In February 2007 some minute books and other books relating to the Catholic Young Mens Society in Athy were given to me by Jimmy Robinson.  Jimmy was the last Honorary Secretary of the C.Y.M.S., a local institution with a history extending back over 150 years but which had ceased to exist in 2004. 

The first branch of the society was founded in Limerick in 1849 after a young priest who had attended Knockbeg College Carlow brought together a number of labourers.  Fr. Richard Baptist O’Brien, who had been ordained in Maynooth ten years previously, spent the first five years of his priesthood in Canada.  On returning to Limerick during the dreadful famine year of 1847 Fr. O’Brien felt the need for young men who survived the famine to come together in friendship and cooperation to better their lives.  Approximately 13 years after the foundation of the society a C.Y.M.S. branch was started in Athy.  Unfortunately the minute books dealing with the early years of the branch have not been found.  The earliest minute books to survive starts with entries for 1958, while an earlier cash book opened in June 1926 lists  initially on a daily basis and later weekly and then twice monthly monies received and monies paid up to 1949.  To my great regret the minute book or books for the period 1964 to 1971 are missing as my late brother Seamus took over as secretary from Jim McEvoy a short time before his untimely death in a road traffic accident.

That these records have survived is a tribute to Jimmy Robinson’s attention to detail and the care which marked his voluntary work as honorary secretary of the C.Y.M.S. over many years.  The last entry in the C.Y.M.S. minute book is of a committee meeting held on 21st October 1994.  The meeting was presided over by another great stalwart of Athy, P.J. Hyland.  Jimmy who died last week joins P.J. in our memories. 

Memories not only of the C.Y.M.S. but also of the wonderful characters who were members of the local branch when it occupied premises at the corner of Stanhope Street and Stanhope Place.  Where the C.Y.M.S. branch was originally located following its foundation in 1862 I cannot say.  The members took over the building at the corner of Stanhope Place from the Sisters of Mercy in 1892.  Forty eight years later they acquired use of the adjoining building immediately adjacent to the side entrance gate to the Parish Church.  It lay directly opposite the Parish Priest’s house and had been home to the technical school since the setting up of technical education at the start of the century.  The building became vacant when a new technical school was opened on the Carlow Road in 1940.  The then Parish Priest Canon McDonnell (after whom McDonnell Drive is named) gave the C.Y.M.S. permission to use the old technical school room which in my young days was called the card room.  It was the ‘holy of holies’ for the senior members such as Tom Moore, Ned Cranny, Christy Dunne, ‘Sooty’ Hayden, Willie Bracken and many others for whom card playing was a favourite pastime. 

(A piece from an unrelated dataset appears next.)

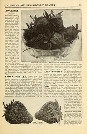 | Keywords: Allen's book of berries (16389350932).jpg TRUE-TONAME STRAWBERRY PLANTS <br> 23 <br> MEDIUM-EARLY <br> STRAWBERRIES <br> continued <br> Klondyke is a very <br> good grower and <br> adapted to a wide <br> variety of soils It <br> is especially pop- <br> ular in the middle <br> and southern states <br> Many large asso- <br> ciations in the <br> South are planting <br> Klondyke for their <br> main crop due to <br> the fact that it is <br> a good shipper At <br> nearby shipping sta- <br> tions we have seen <br> buyers go over load <br> after load of berries <br> and pay more for <br> the Klondyke than <br> for any other va- <br> riety of its season <br> In this section it <br> commands the high- <br> est price until Big <br> Joe and Chesapeake <br> begin to ripen A <br> good many growers <br> and associations <br> know this berry <br> and will plant it <br> anyway For those <br> in the southern or middle states who are not sure <br> what to plant we recommend Klondyke as a market <br> berry The blossoms of Klondyke are perfect and <br> the plants are very- vigorous and healthy Klondyke <br> ˘will grow anywhere and this fact helps to make it <br> the immensely popular berry that it is Price <br> 3 per 1 000 <br> LADY CORNEILLE p n \ TT ho h 3ve <br> fruited this variety <br> largely claim that it is better than Klondyke and <br> if it is you cannot afford to be without it We have <br> seen it fruiting in California and if its behavior <br> there is any indication of what it will do generally <br> it is a very valuable variety indeed The plant is a <br> strong grower and does well on almost any soil <br> The blossoms are perfect ; the berries are large con- <br> ical in shape uniform in size and hold up well until <br> the end of the season The fruit is dark red in color <br> and covered with prominent golden seeds It has <br> added value in that it is very firm and able to stand <br> long-distance shipments in good condition For the <br> Longfellow see page 24 An exceedingly promising sort <br> middle and southern states we recommend Lady <br> Corneille very highly and it should be tried out in <br> all sections where Strawberries are grown exten- <br> sively Price S3 50 per 1 000 <br> Lady Thompson An 0 d stand ard that f°r <br> - r many years was prac- <br> tically the only variety grown in the great berry <br> section of North Carolina It makes strong vigorous <br> healthy plants that produce large crops of medium- <br> sized handsome well-shaped berries It is firm <br> enough for shipping and is still used as a fancy <br> shipping berry in many sections of the South Price <br> S3 50 per 1 000 <br> Lea Southern growers who have tried Lea <br> - speak of it in the very highest terms as a <br> valuable market berry The originator says It is <br> the best thing I have in the Strawberry line Lea <br> sold with Bubach and will stand more rainy weather <br> and keep in better condition than any berry I ever <br> saw The plant is a strong sturdy grower without <br> a spot of rust or other defect in its foliage The <br> fruit ripens evenly is of <br> uniform size and is pro- <br> duced in large quantities <br> The demand for Lea is <br> certain to increase after <br> it becomes more widely <br> known Price S3 per <br> 1 000 <br> NONE CAN BE BETTER <br> The berry plants fall-bear- <br> ing Strawberries I got from <br> you last spring did wonder- <br> fully well The plants were <br> fine; I did not lose one I <br> am one of your old customers <br> and know from past orders ˘ <br> what your plants are None <br> can be better ” Mrs B B <br> Daniel Nelson County Va <br> January 20 1016 43767879 148699 77584 Page 23 Text http //www biodiversitylibrary org/page/43767879 1917 10 5962/bhl title 77584 Allen Co Salisbury Md ; Henry G Gilbert Nursery and Seed Trade Catalog Collection NameFound None NameConfirmed None EOLID 2913255 Biodiversity Heritage Library Allen's book of berries 1917 Garden Stories Allen Co Salisbury Md Catalogs Maryland Nurseries Horticulture Nursery stock Salisbury Strawberries U S Department of Agriculture National Agricultural Library bhl page 43767879 dc identifier http //biodiversitylibrary org/page/43767879 bhlGardenStories BHLinbloom allen co salisbury md nurseries horticulture u s department of agriculture national agricultural library bhlgardenstories bhlinbloom Information field Flickr posted date ISOdate 2015-01-28 Check categories 2015 August 24 CC-BY-2 0 BioDivLibrary https //flickr com/photos/61021753 N02/16389350932 2015-08-24 06 51 20 cc-by-2 0 PD-old-70-1923 Allen's book of berries Photos uploaded from Flickr by Fæ using a script |

The late Jimmy Robinson and P.J. Hyland with other committee members witnessed the gradual falloff of membership in the C.Y.M.S. during the 1990s.  The original objective of the society ‘to foster mutual union and cooperation and by priestly guidance, the spiritual intellectual, social and physical welfare of its members’ may not have seemed relevant in the world of the Celtic Tiger.  During the 1950s there was more than 100 C.Y.M.S. branches in Ireland.  In 1994 there were just 17 branches left throughout the country and it is likely that the Athy branch was not the only one to close its doors in recent years. 

Jimmy Robinson came from an old Athy family, as did Jimmy Bolger and John Joe Owens, both of whom passed away recently.  I was privileged to write of Jimmy Bolger in a previous Eye on the Past.  John Joe Owens was a man who like myself was not afraid of expressing his views in a forthright manner.  I have huge admiration for men such as the two Jimmys and John Joe who in their own individual way contributed to what I have often described as the rich tapestry of life in our south Kildare town of Athy. 

Other deaths noted during the recent past were that of Claus Schmidt and Mary Leech, both of whom were well known in the town.  As I am writing this piece I have learned of the death of an old school colleague of mine from our days in the local Christian Brothers secondary school.  John Joe Brennan died while I was abroad and regrettably I was unaware of his passing until now.  I have fond memories of John Joe who with a few others joined the Christian Brothers secondary school from outlying rural primary schools in the 1950s. 

Their passing brings sadness not only to family and friends but also to a community which remembers times past and experiences shared.